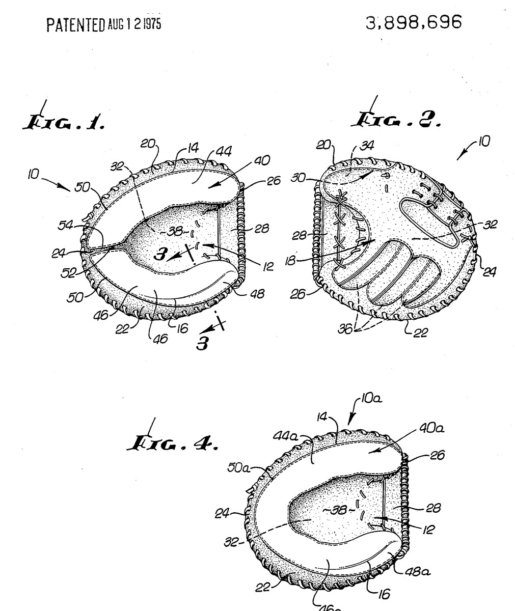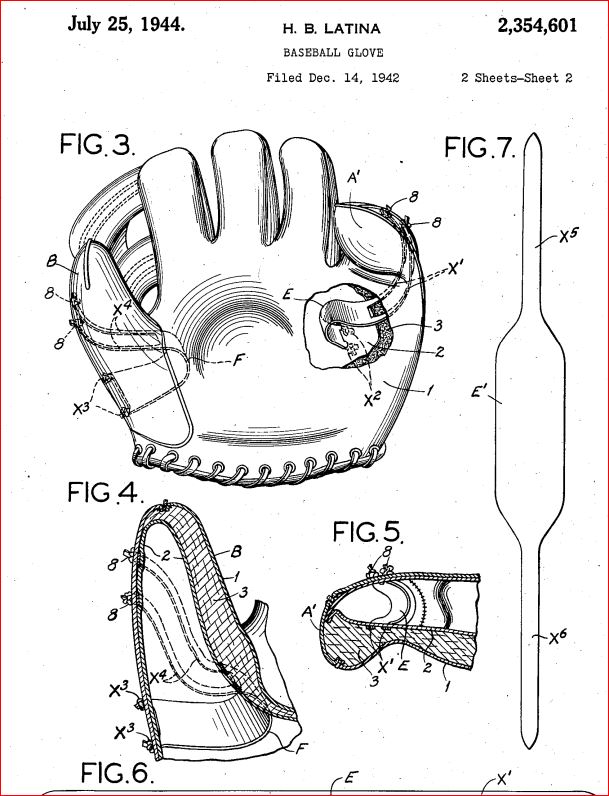 The Rawlings Latina patent of 1944 had three functions. First as thumb and finger loops, second as a means of stabilizing the thumb and little finger padding from migrating to the center of the glove and third as a means of holding the thumb and little finger in an inwardly twisted and downwardly deflected position.
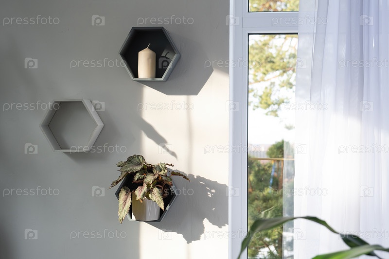 Полки на стене в виде сот с комнатными растениями в белом интерьере дома. Современный декор Комнатное растение уход за комнатным растением, зеленый дом
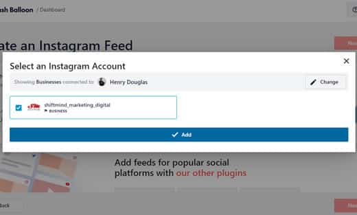 Com a permissões concedidas você será direcionado a área de administração do plugin Smash Balloon onde você poderá visualizar e selecionar sua conta empresarial do Instagram, clique no botão “Add” para adicionar sua conta:
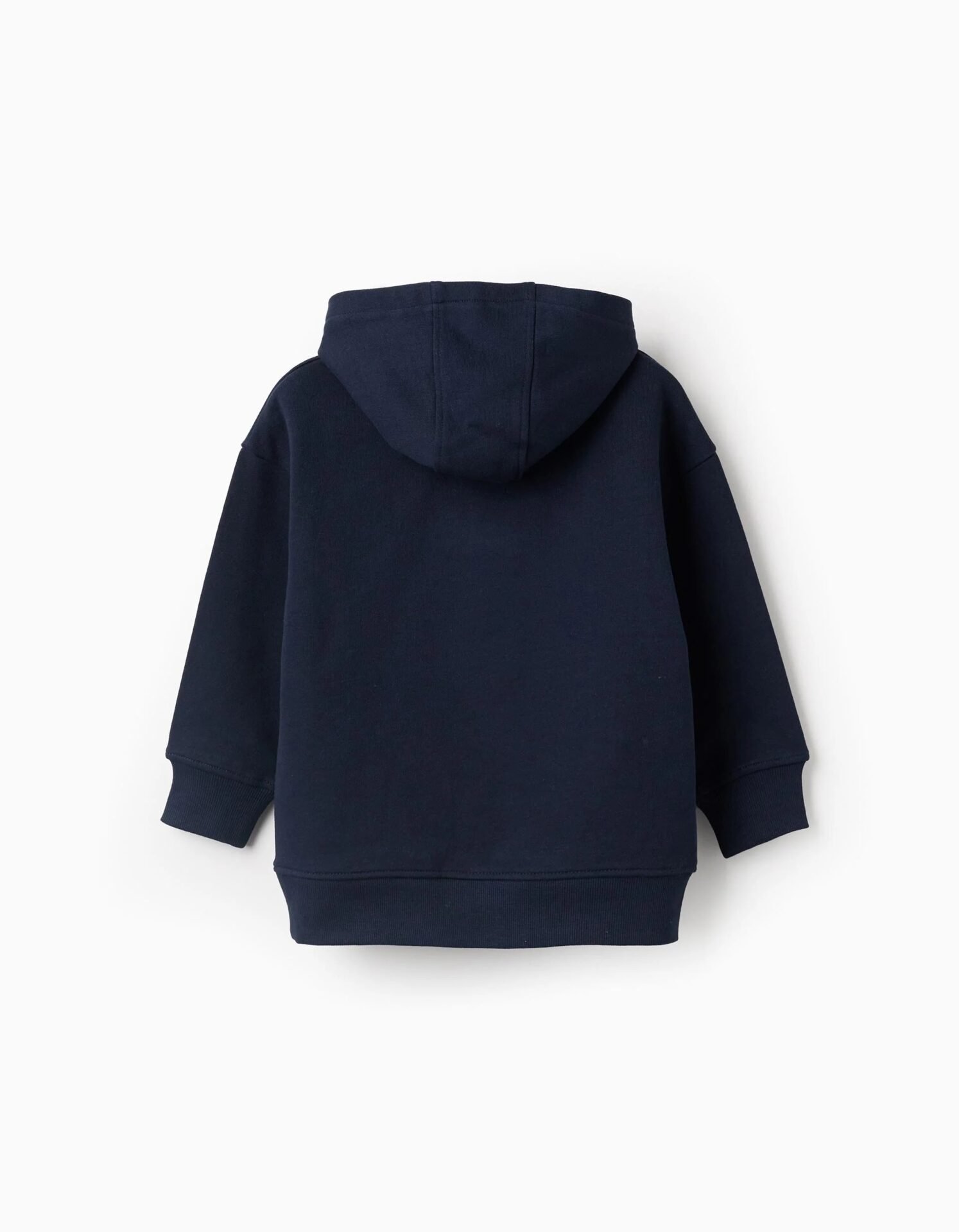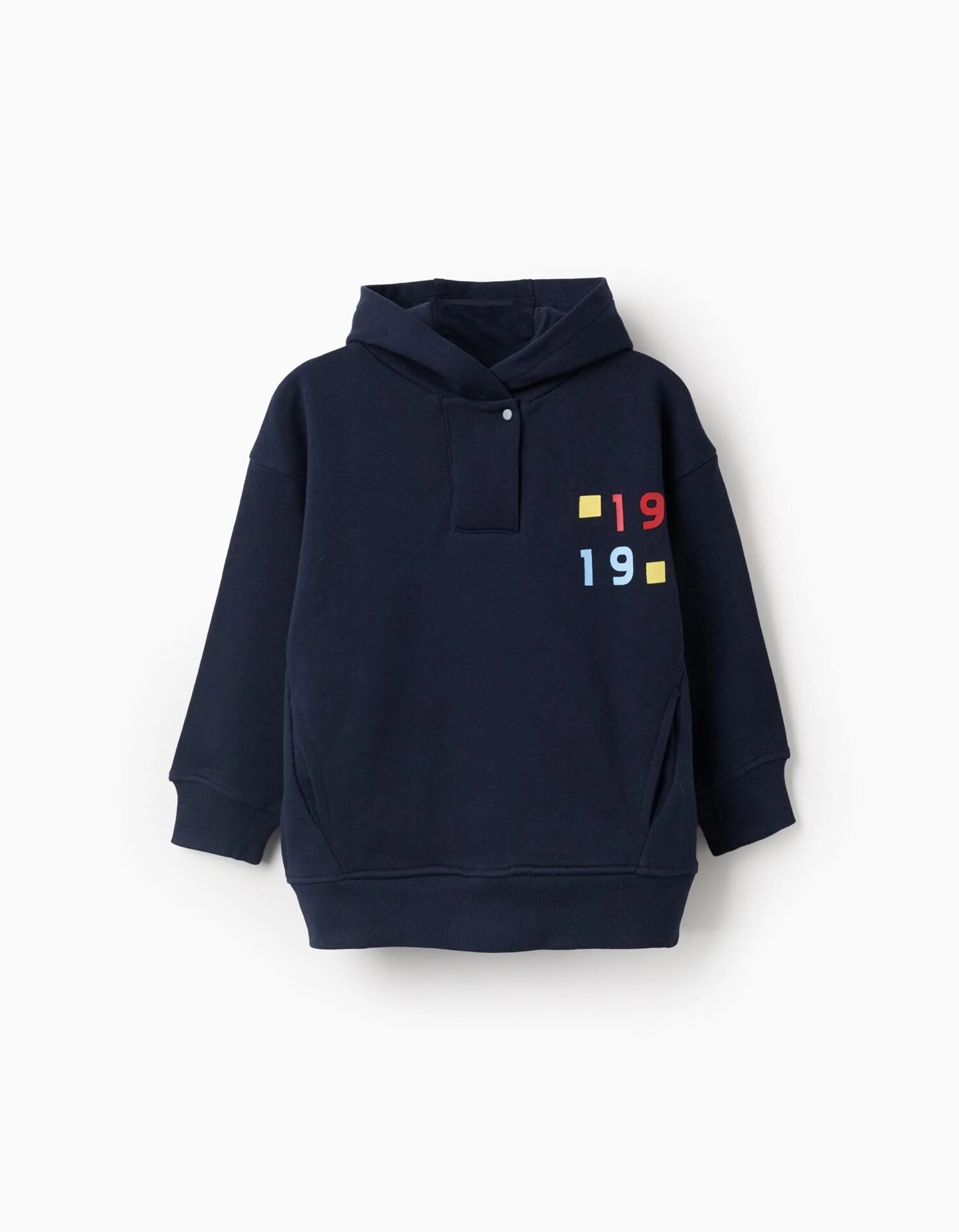 Sudadera con capucha azul oscuro para niño, 100% algodón. Abertura en el cuello con botones de presión. Detalle estampado en el pecho. Bolsillos laterales. Bordes de canalé para un ajuste perfecto. ¡Para todos los estilos!
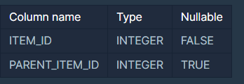 단, 각 아이템들은 오직 하나의 PARENT 아이템 ID를 가지며, ROOT 아이템의 PARENT 아이템 ID는 NULL 입니다.
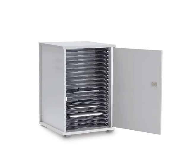- Horizontale opslag: Apparaten worden horizontaal opgeborgen in ruime compartimenten, geschikt voor 15,6-inch laptops, tablets of Chromebooks, met voldoende ruimte voor beschermende hoesjes.

※

== WHAT TO WORK ON ==
Return the whole listing exactly, minus its pictures.

== OUTPUT FOR THIS TASK ==
 The Rawlings Latina patent of 1944 had three functions. First as thumb and finger loops, second as a means of stabilizing the thumb and little finger padding from migrating to the center of the glove and third as a means of holding the thumb and little finger in an inwardly twisted and downwardly deflected position.
 Полки на стене в виде сот с комнатными растениями в белом интерьере дома. Современный декор Комнатное растение уход за комнатным растением, зеленый дом
 Com a permissões concedidas você será direcionado a área de administração do plugin Smash Balloon onde você poderá visualizar e selecionar sua conta empresarial do Instagram, clique no botão “Add” para adicionar sua conta:
 Sudadera con capucha azul oscuro para niño, 100% algodón. Abertura en el cuello con botones de presión. Detalle estampado en el pecho. Bolsillos laterales. Bordes de canalé para un ajuste perfecto. ¡Para todos los estilos!
 단, 각 아이템들은 오직 하나의 PARENT 아이템 ID를 가지며, ROOT 아이템의 PARENT 아이템 ID는 NULL 입니다.
- Horizontale opslag: Apparaten worden horizontaal opgeborgen in ruime compartimenten, geschikt voor 15,6-inch laptops, tablets of Chromebooks, met voldoende ruimte voor beschermende hoesjes.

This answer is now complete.